## Your task
Starting with the line that holds "La información sobre" and stopping after the line that holds "This is based", repeat the lines below word for word, without the pictures.

## Records to use
--- START ---

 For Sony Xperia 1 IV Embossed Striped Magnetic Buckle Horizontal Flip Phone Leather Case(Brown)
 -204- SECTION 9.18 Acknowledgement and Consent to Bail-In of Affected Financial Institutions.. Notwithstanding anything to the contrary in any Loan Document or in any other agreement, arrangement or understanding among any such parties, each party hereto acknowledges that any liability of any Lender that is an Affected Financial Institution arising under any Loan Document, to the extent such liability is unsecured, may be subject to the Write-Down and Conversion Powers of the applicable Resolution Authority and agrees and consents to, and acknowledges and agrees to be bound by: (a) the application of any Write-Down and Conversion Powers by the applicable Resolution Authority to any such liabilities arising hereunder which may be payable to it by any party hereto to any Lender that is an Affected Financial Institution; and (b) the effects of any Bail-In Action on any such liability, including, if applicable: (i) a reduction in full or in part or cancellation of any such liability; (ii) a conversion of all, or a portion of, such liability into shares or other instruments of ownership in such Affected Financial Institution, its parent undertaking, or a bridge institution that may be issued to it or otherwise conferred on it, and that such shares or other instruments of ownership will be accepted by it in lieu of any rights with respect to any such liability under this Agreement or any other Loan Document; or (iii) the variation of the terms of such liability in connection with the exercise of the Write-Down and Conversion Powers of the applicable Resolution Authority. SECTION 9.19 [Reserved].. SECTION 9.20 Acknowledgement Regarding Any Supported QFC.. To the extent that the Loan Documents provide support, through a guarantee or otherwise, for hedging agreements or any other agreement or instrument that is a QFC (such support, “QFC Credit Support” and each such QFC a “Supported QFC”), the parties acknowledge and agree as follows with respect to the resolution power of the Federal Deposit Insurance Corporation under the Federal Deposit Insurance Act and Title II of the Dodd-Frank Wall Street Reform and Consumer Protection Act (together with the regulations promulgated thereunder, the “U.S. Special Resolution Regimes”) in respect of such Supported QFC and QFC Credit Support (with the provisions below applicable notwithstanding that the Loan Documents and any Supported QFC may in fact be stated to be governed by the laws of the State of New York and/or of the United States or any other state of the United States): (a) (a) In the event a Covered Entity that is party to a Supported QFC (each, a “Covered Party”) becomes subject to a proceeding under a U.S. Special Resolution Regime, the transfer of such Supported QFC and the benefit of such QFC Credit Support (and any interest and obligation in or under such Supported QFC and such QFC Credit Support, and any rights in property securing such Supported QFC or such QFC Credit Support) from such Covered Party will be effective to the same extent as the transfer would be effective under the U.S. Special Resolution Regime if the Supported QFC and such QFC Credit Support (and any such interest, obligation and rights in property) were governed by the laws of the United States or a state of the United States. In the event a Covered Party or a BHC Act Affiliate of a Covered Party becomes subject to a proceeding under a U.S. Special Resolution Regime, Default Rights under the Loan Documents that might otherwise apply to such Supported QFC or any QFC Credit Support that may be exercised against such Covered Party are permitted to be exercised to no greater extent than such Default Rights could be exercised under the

--- END ---
--- START ---

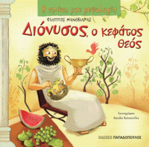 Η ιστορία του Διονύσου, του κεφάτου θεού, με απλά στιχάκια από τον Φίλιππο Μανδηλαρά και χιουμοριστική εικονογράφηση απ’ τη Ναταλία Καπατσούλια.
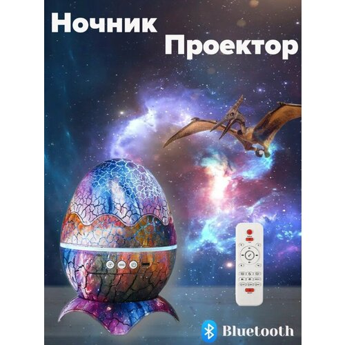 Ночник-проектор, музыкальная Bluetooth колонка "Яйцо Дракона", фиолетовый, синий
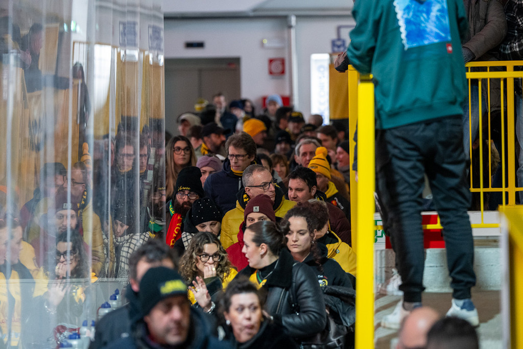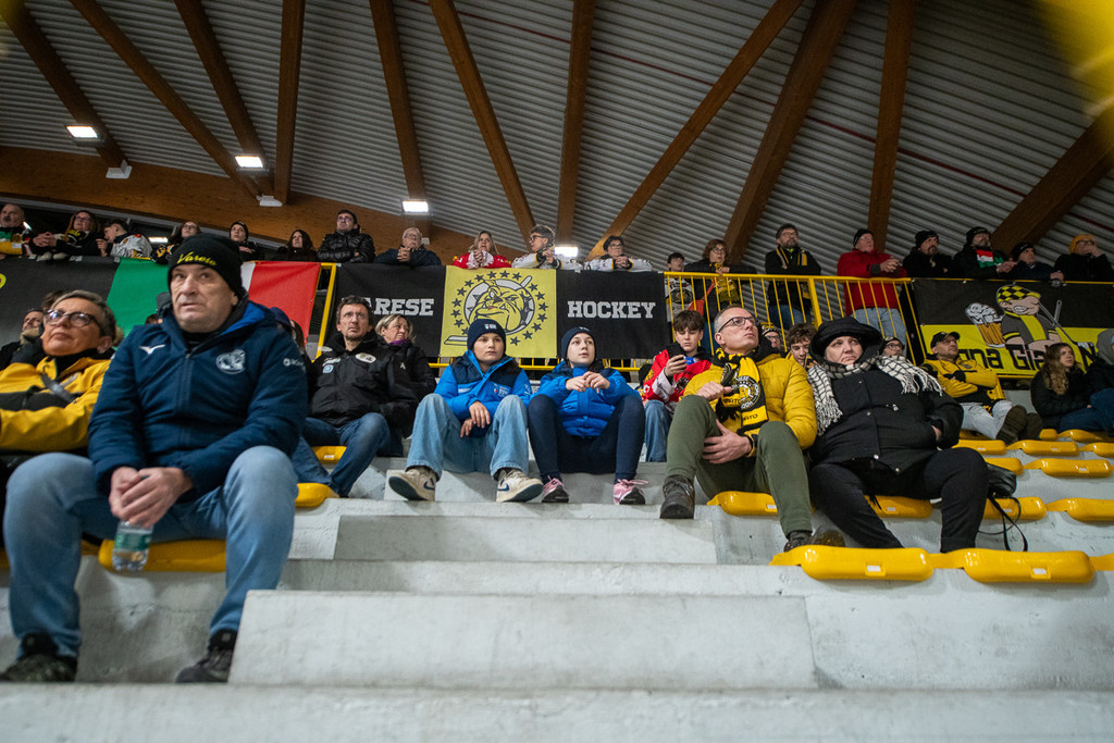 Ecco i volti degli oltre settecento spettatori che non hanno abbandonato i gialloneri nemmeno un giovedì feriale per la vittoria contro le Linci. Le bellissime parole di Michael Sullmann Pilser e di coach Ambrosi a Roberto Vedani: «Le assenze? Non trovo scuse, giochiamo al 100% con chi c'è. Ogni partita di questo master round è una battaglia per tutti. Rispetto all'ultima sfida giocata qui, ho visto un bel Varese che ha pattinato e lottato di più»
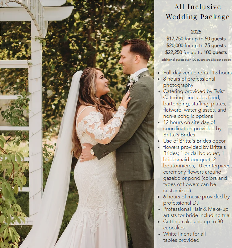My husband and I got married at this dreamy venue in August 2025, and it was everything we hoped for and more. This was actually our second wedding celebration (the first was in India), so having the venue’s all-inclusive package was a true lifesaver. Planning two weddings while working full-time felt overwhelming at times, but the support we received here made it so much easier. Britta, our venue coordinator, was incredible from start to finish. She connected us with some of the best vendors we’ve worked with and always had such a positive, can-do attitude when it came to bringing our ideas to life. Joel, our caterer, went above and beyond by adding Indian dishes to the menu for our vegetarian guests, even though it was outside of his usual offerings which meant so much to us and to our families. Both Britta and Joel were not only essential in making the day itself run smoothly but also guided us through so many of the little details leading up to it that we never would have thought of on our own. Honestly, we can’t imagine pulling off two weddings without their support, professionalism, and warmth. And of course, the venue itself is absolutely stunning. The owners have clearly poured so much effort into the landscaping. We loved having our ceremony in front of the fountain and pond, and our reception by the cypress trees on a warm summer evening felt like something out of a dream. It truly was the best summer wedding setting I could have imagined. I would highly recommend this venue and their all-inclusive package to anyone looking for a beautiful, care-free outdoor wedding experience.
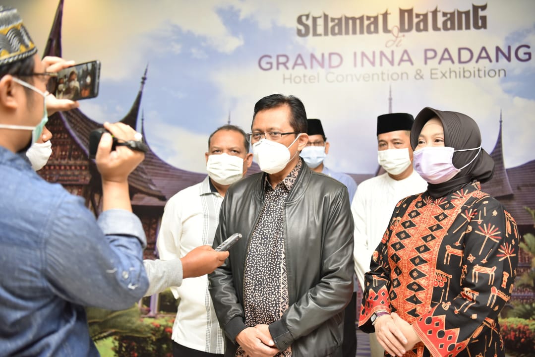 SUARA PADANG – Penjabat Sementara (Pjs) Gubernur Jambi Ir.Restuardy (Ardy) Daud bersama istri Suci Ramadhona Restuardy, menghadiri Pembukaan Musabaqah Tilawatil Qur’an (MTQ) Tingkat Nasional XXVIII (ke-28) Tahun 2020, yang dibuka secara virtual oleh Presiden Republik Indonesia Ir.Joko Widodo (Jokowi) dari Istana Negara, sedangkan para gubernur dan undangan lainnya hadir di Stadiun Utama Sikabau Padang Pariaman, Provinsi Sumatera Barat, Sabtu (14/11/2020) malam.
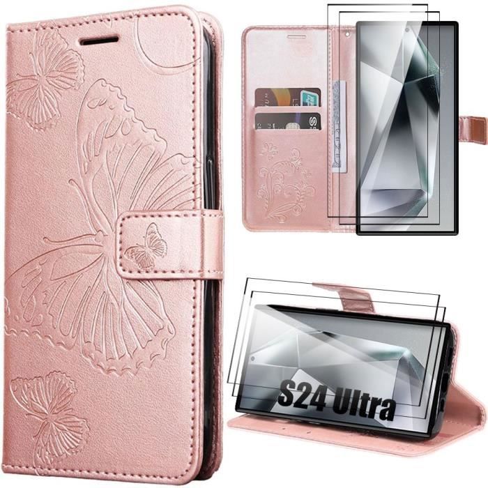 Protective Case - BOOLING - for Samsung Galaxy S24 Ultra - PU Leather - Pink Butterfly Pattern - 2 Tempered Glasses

--- END ---
--- START ---

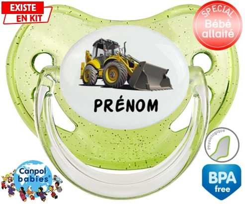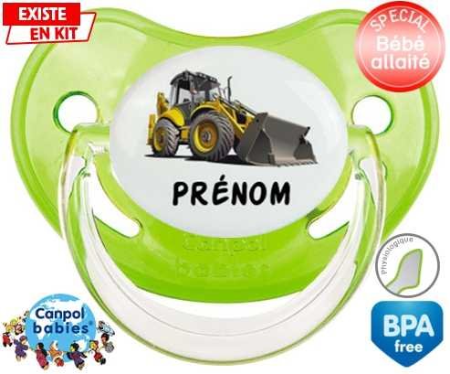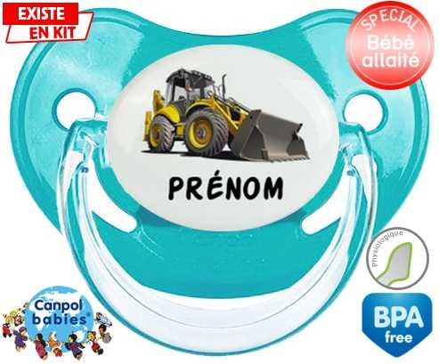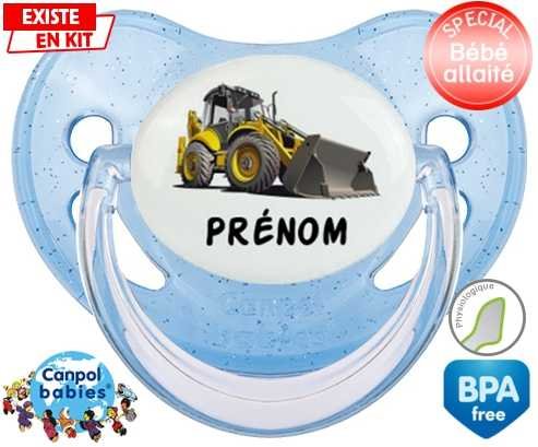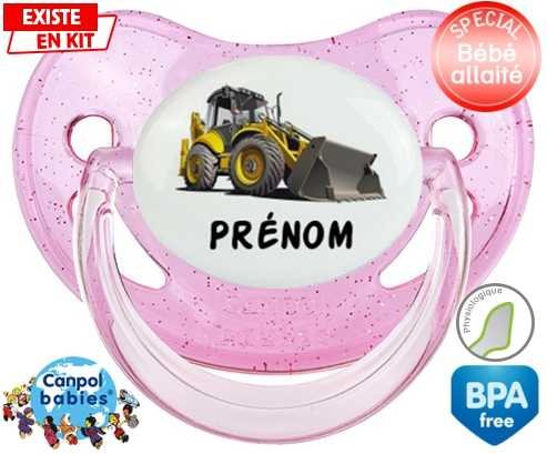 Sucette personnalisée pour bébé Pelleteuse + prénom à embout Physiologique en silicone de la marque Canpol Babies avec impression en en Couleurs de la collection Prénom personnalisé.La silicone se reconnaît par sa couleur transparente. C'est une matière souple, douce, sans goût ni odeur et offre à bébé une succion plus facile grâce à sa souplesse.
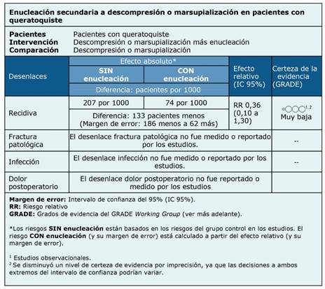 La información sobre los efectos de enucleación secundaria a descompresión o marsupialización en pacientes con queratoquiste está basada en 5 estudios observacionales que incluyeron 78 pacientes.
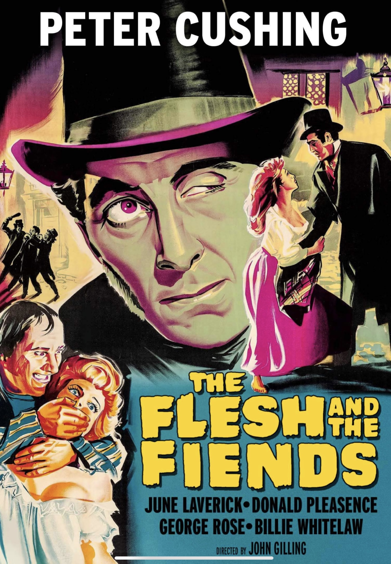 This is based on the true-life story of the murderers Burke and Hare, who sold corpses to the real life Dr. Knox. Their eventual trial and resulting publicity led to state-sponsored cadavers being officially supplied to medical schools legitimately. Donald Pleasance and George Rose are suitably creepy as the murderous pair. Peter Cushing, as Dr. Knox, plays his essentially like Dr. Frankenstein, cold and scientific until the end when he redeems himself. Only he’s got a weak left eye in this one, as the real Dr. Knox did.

--- END ---

## Exercise result
 La información sobre los efectos de enucleación secundaria a descompresión o marsupialización en pacientes con queratoquiste está basada en 5 estudios observacionales que incluyeron 78 pacientes.
 This is based on the true-life story of the murderers Burke and Hare, who sold corpses to the real life Dr. Knox. Their eventual trial and resulting publicity led to state-sponsored cadavers being officially supplied to medical schools legitimately. Donald Pleasance and George Rose are suitably creepy as the murderous pair. Peter Cushing, as Dr. Knox, plays his essentially like Dr. Frankenstein, cold and scientific until the end when he redeems himself. Only he’s got a weak left eye in this one, as the real Dr. Knox did.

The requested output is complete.